• **Provided information**

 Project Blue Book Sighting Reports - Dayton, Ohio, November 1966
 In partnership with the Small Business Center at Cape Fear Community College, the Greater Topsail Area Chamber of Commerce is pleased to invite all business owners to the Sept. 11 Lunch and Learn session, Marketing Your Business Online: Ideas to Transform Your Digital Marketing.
---
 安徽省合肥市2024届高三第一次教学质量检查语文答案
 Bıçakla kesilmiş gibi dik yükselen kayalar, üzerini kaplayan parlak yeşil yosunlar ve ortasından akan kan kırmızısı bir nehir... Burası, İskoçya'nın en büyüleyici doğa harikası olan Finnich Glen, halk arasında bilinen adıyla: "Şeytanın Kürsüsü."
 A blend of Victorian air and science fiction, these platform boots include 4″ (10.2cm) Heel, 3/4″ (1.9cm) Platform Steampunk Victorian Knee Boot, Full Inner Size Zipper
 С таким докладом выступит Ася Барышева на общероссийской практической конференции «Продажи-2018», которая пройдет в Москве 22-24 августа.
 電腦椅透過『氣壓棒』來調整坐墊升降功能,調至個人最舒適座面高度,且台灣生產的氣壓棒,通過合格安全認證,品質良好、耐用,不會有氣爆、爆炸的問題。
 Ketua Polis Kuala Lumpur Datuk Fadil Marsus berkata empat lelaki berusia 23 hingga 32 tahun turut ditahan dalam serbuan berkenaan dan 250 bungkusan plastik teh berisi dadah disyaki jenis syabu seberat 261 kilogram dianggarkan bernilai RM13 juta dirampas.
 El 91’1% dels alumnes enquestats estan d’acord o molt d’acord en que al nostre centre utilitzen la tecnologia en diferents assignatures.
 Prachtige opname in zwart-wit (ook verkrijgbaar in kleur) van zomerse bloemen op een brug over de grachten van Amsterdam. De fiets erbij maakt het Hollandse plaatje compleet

• **About this task**
The required output is every line above from the one with "Project Blue Book" down to the one with "In partnership with", restated word for word, ends included.

• **Answer box**
 Project Blue Book Sighting Reports - Dayton, Ohio, November 1966
 In partnership with the Small Business Center at Cape Fear Community College, the Greater Topsail Area Chamber of Commerce is pleased to invite all business owners to the Sept. 11 Lunch and Learn session, Marketing Your Business Online: Ideas to Transform Your Digital Marketing.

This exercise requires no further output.